Exercise brief:
Write the data out again exactly, with every picture removed.

Data shown:
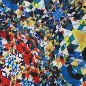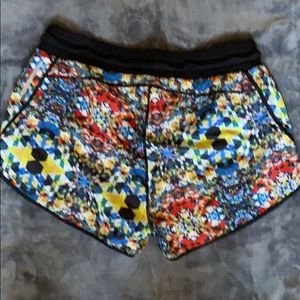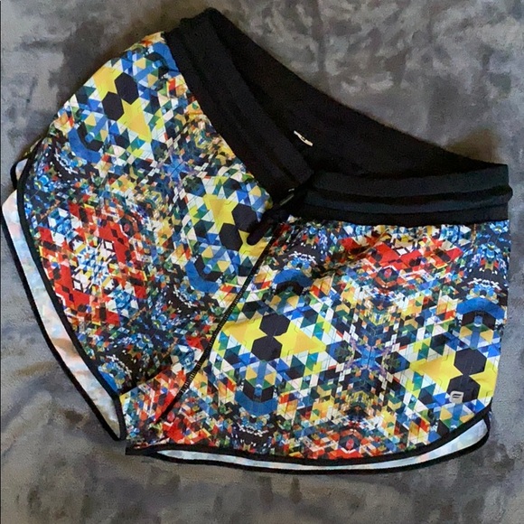 Women’s Fabletics stained glass run shorts in multi colors. Elastic waste band with black draw string. Reflective details. Flattering cut. Thin underwear lining inside the short. New without tags. Draw string is still in original state. Tag cut out before I tried on. Size Large. More like size 10 than 12. Pair with sports bra listing that matches.
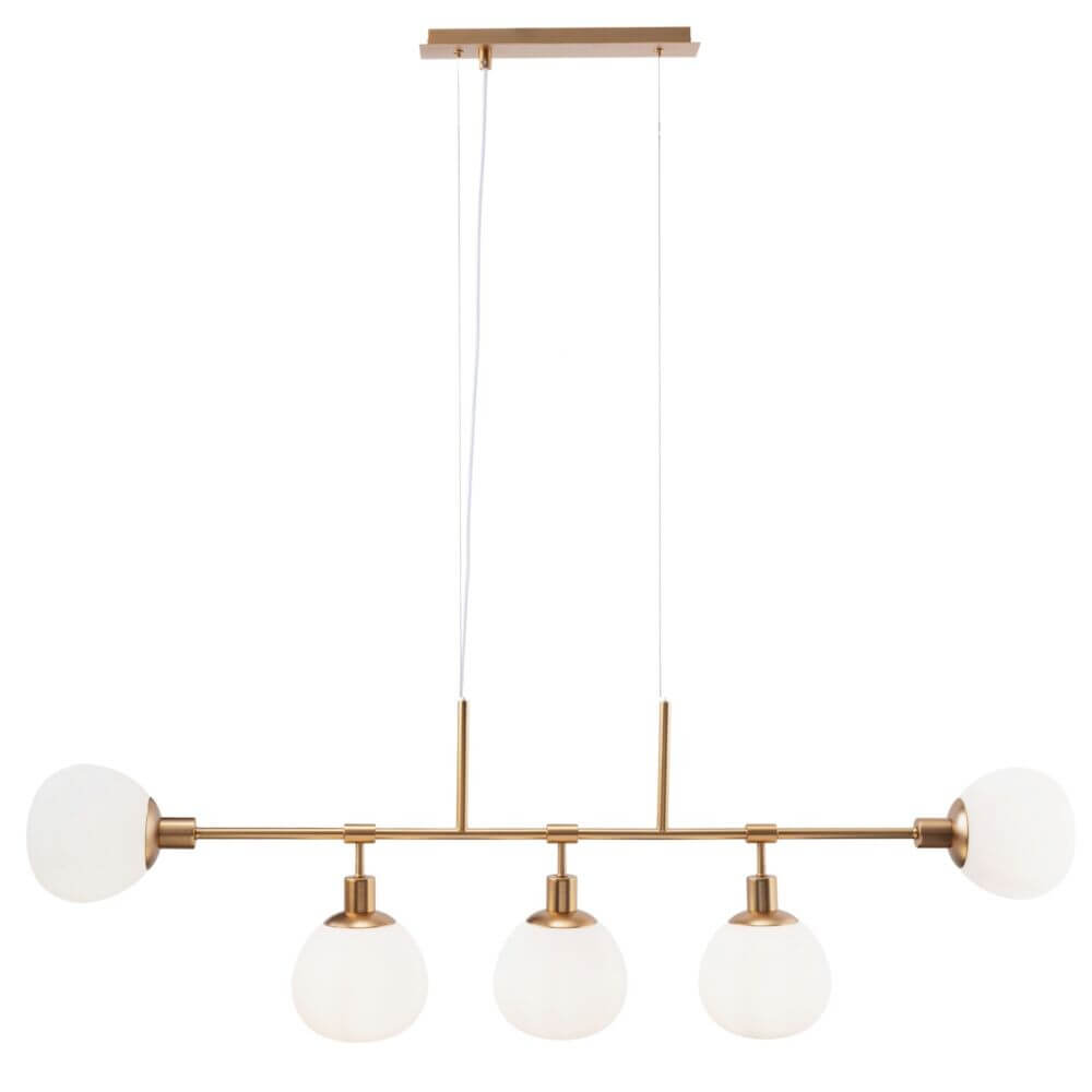 Materialien & Maße Farbe: Messing Material: Metall Höhe: 373 mm Breite: 1200 mm Tiefe: 150 mm Minimum Leuchtenhöhe abgehängt: 453 mm Maximum Leuchtenhöhe abgehängt: 1493 mm Lampenschirm Material: Glas Lampenschirm Farbe: Weiss Lampenschirm Durchmesser: 150 mm
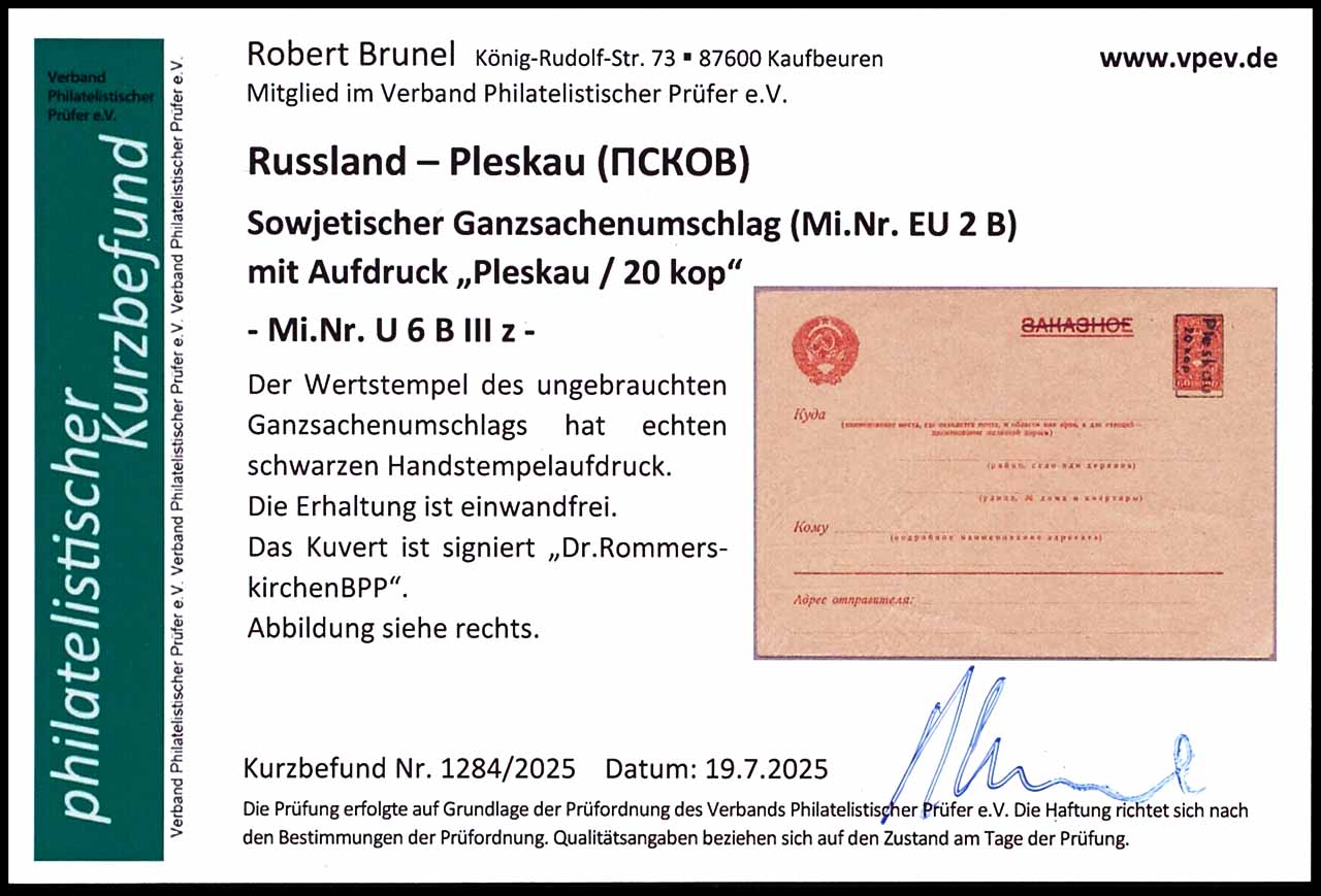 60 Kopeken Ganzsachenumschlag mit Aufdruck "Pleskau/ 20 kop", schwarzer Handstempelaufdruck, ungebraucht, tadellose Erhaltung, Fotobefund Robert Brunel VP (2025) "Die Erhaltung ist einwandfrei", geprüft Dr. Rommerskirchen BPP
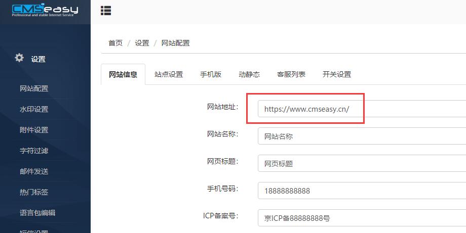 首先登录网站后台,点击 [ 设置 ] - [ 网站配置 ] ,在网站地址中检查是否为网站真实访问地址,如图:
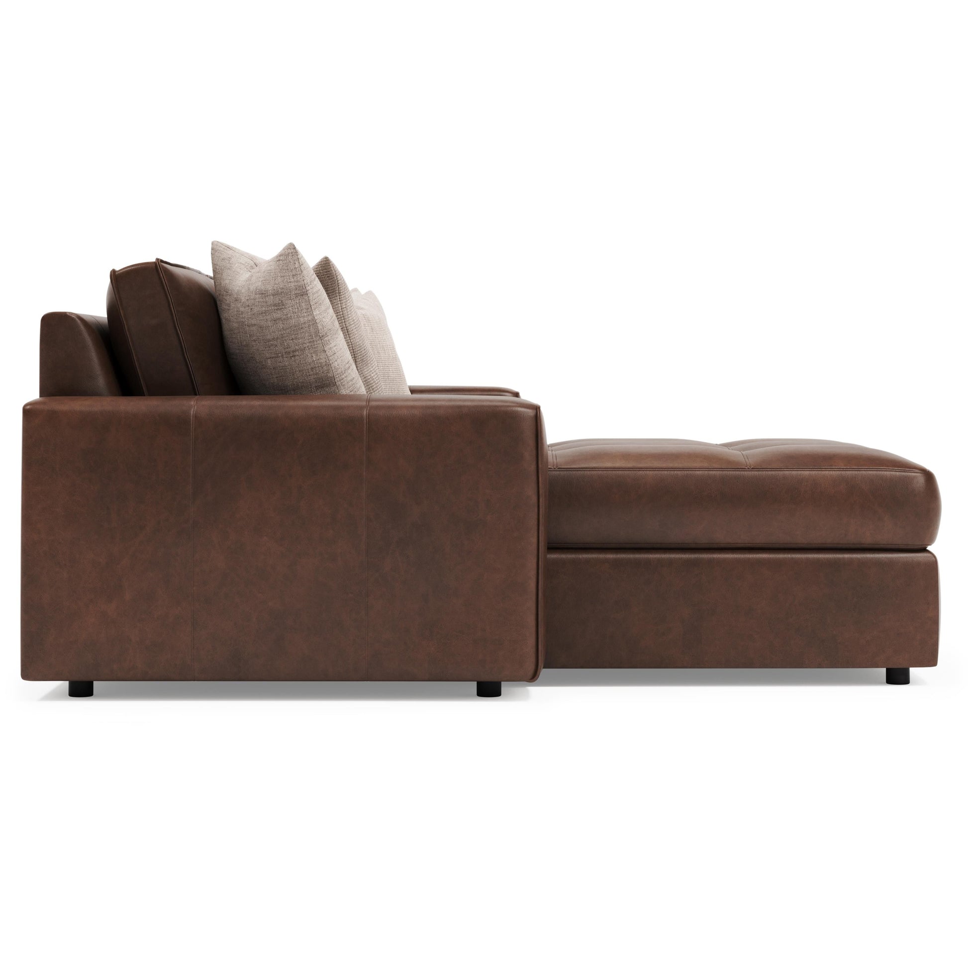 Configured with thoughtfully scaled components, the Nest sectional offers flexibility for a variety of room layouts. A left arm chaise pairs seamlessly with a right arm loveseat, creating an expansive seating arrangement that feels cohesive yet adaptable. The leather upholstery enhances the sectional’s visual depth while delivering a polished, enduring aesthetic.
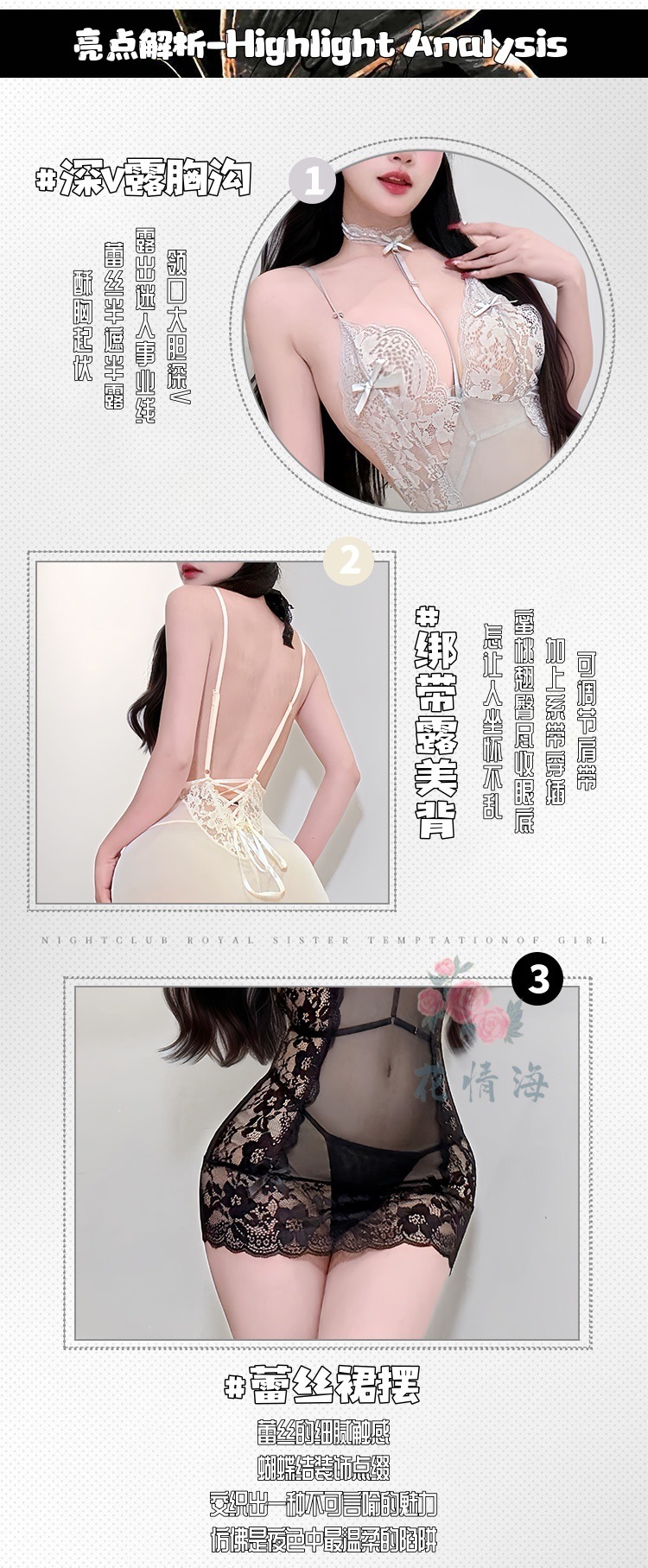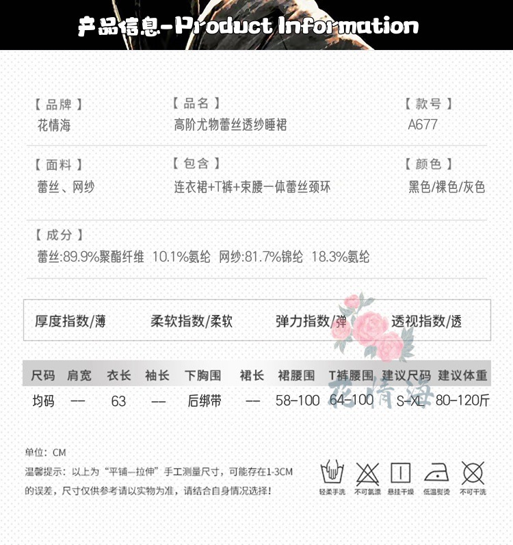 Ночная сорочка Floral Passion Lingerie сексуальный стиль открытой груди высококачественное чувственное кружево прозрачное облегающее платье A677
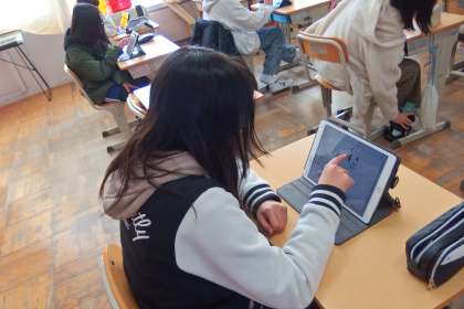 6年生の図工の授業です。 彫塑の作品作りのためにタブレットで下書きをしていました。
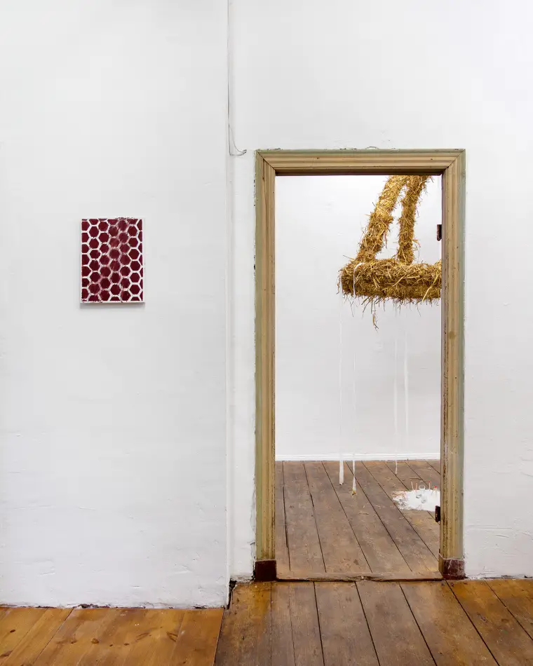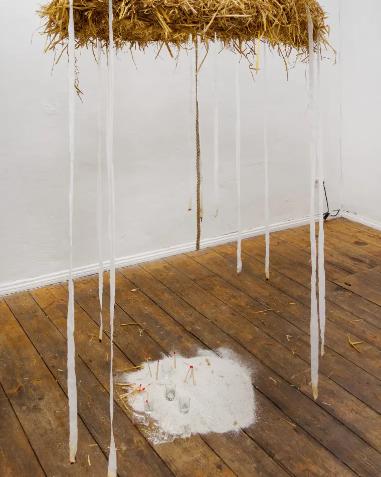 Wohlstand und Sesshaftigkeit, 2022straw, willow branches, and fabric170 x 120 x 90 cm
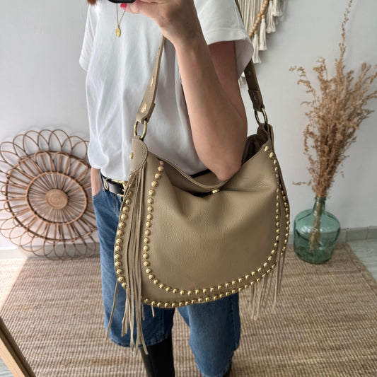 Bolso Hobo tachuelas y Flecos en Piel taupe
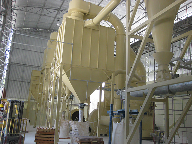 形狀較大的陶土首先由破碎設(shè)備破碎成陶土磨粉機(jī)所需粒度,斗式提升機(jī)負(fù)責(zé)將經(jīng)過破碎加工的陶土送入儲(chǔ)料斗,之后使用振動(dòng)給料機(jī)將儲(chǔ)料斗內(nèi)的物料送進(jìn)陶土磨粉機(jī)主機(jī)磨室內(nèi),經(jīng)過磨輥與磨環(huán)的相互作用實(shí)現(xiàn)物料的破碎,粉磨完成后,經(jīng)過粉磨的物料粉子在鼓風(fēng)機(jī)的作用下進(jìn)入選粉機(jī),選粉機(jī)選出符合粒度要求的陶土物料,進(jìn)入成品收集器內(nèi),不符合要求的陶土物料重新返回磨室內(nèi)進(jìn)行磨粉加工。
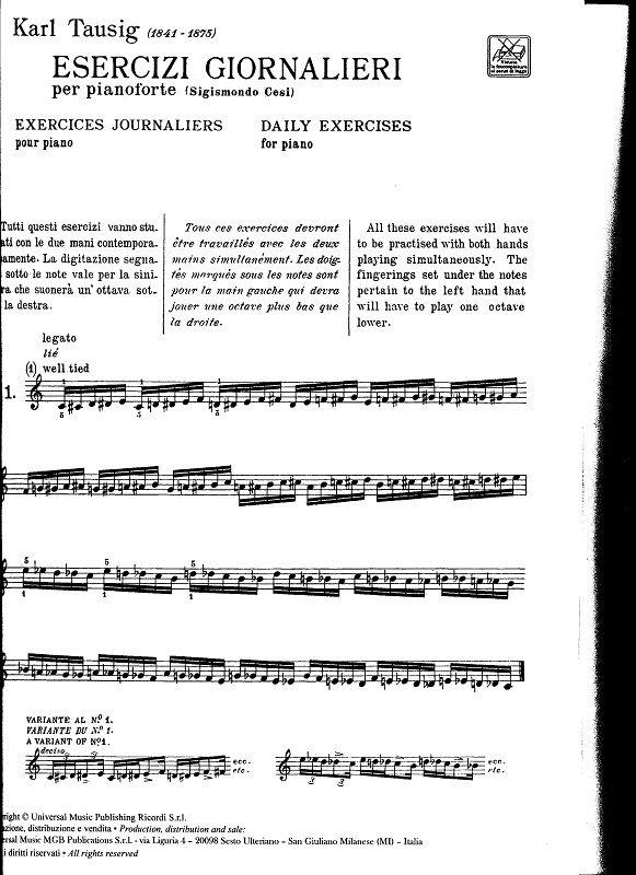 Esercizi Giornalieri Per Pianoforte TAUSIG CARL
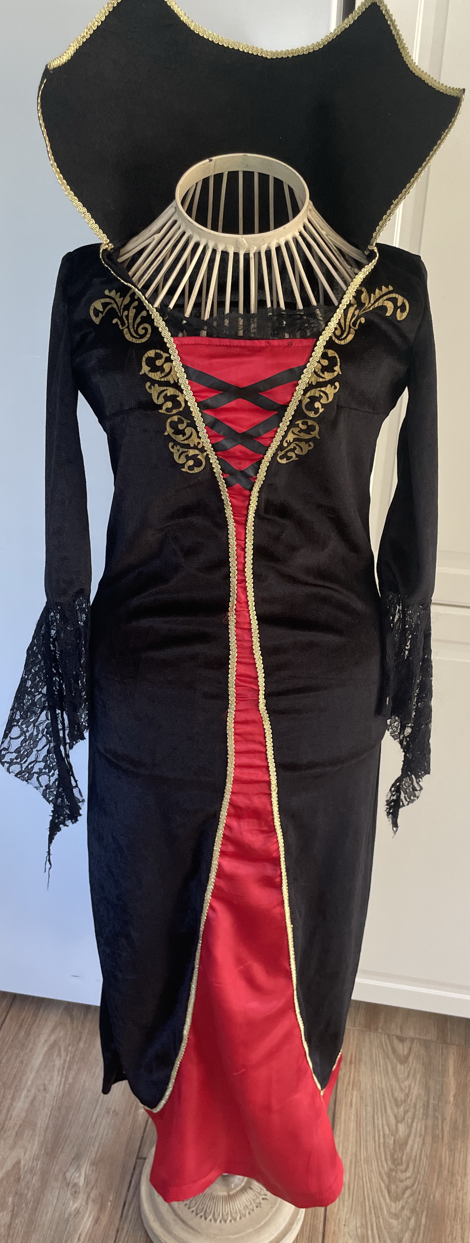Černo-červeno-zlaté sametové šaty s velkým límcem, červený satén je trochu opravovaný, celkový dojem je pěkný, odhaduji na 10-13 let.
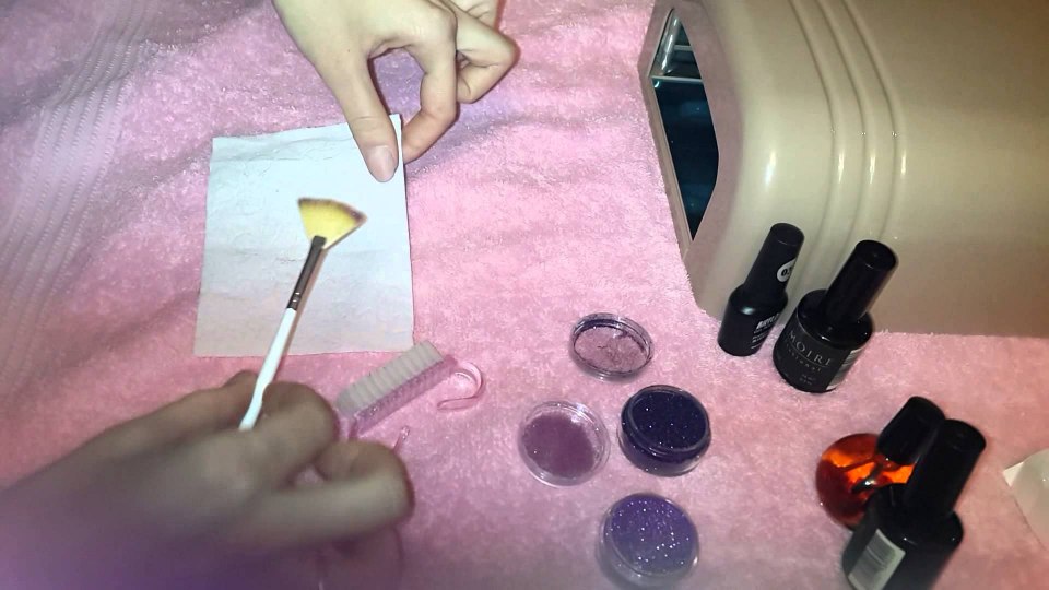 - Сыпать на ноготь мельчайшие частички нужно щедро, чтобы не образовывались просветы.

Answer for this exercise:
 Women’s Fabletics stained glass run shorts in multi colors. Elastic waste band with black draw string. Reflective details. Flattering cut. Thin underwear lining inside the short. New without tags. Draw string is still in original state. Tag cut out before I tried on. Size Large. More like size 10 than 12. Pair with sports bra listing that matches.
 Materialien & Maße Farbe: Messing Material: Metall Höhe: 373 mm Breite: 1200 mm Tiefe: 150 mm Minimum Leuchtenhöhe abgehängt: 453 mm Maximum Leuchtenhöhe abgehängt: 1493 mm Lampenschirm Material: Glas Lampenschirm Farbe: Weiss Lampenschirm Durchmesser: 150 mm
 60 Kopeken Ganzsachenumschlag mit Aufdruck "Pleskau/ 20 kop", schwarzer Handstempelaufdruck, ungebraucht, tadellose Erhaltung, Fotobefund Robert Brunel VP (2025) "Die Erhaltung ist einwandfrei", geprüft Dr. Rommerskirchen BPP
 首先登录网站后台,点击 [ 设置 ] - [ 网站配置 ] ,在网站地址中检查是否为网站真实访问地址,如图:
 Configured with thoughtfully scaled components, the Nest sectional offers flexibility for a variety of room layouts. A left arm chaise pairs seamlessly with a right arm loveseat, creating an expansive seating arrangement that feels cohesive yet adaptable. The leather upholstery enhances the sectional’s visual depth while delivering a polished, enduring aesthetic.
 Ночная сорочка Floral Passion Lingerie сексуальный стиль открытой груди высококачественное чувственное кружево прозрачное облегающее платье A677
 6年生の図工の授業です。 彫塑の作品作りのためにタブレットで下書きをしていました。
 Wohlstand und Sesshaftigkeit, 2022straw, willow branches, and fabric170 x 120 x 90 cm
 Bolso Hobo tachuelas y Flecos en Piel taupe
 形狀較大的陶土首先由破碎設(shè)備破碎成陶土磨粉機(jī)所需粒度,斗式提升機(jī)負(fù)責(zé)將經(jīng)過破碎加工的陶土送入儲(chǔ)料斗,之后使用振動(dòng)給料機(jī)將儲(chǔ)料斗內(nèi)的物料送進(jìn)陶土磨粉機(jī)主機(jī)磨室內(nèi),經(jīng)過磨輥與磨環(huán)的相互作用實(shí)現(xiàn)物料的破碎,粉磨完成后,經(jīng)過粉磨的物料粉子在鼓風(fēng)機(jī)的作用下進(jìn)入選粉機(jī),選粉機(jī)選出符合粒度要求的陶土物料,進(jìn)入成品收集器內(nèi),不符合要求的陶土物料重新返回磨室內(nèi)進(jìn)行磨粉加工。
 Esercizi Giornalieri Per Pianoforte TAUSIG CARL
Černo-červeno-zlaté sametové šaty s velkým límcem, červený satén je trochu opravovaný, celkový dojem je pěkný, odhaduji na 10-13 let.
 - Сыпать на ноготь мельчайшие частички нужно щедро, чтобы не образовывались просветы.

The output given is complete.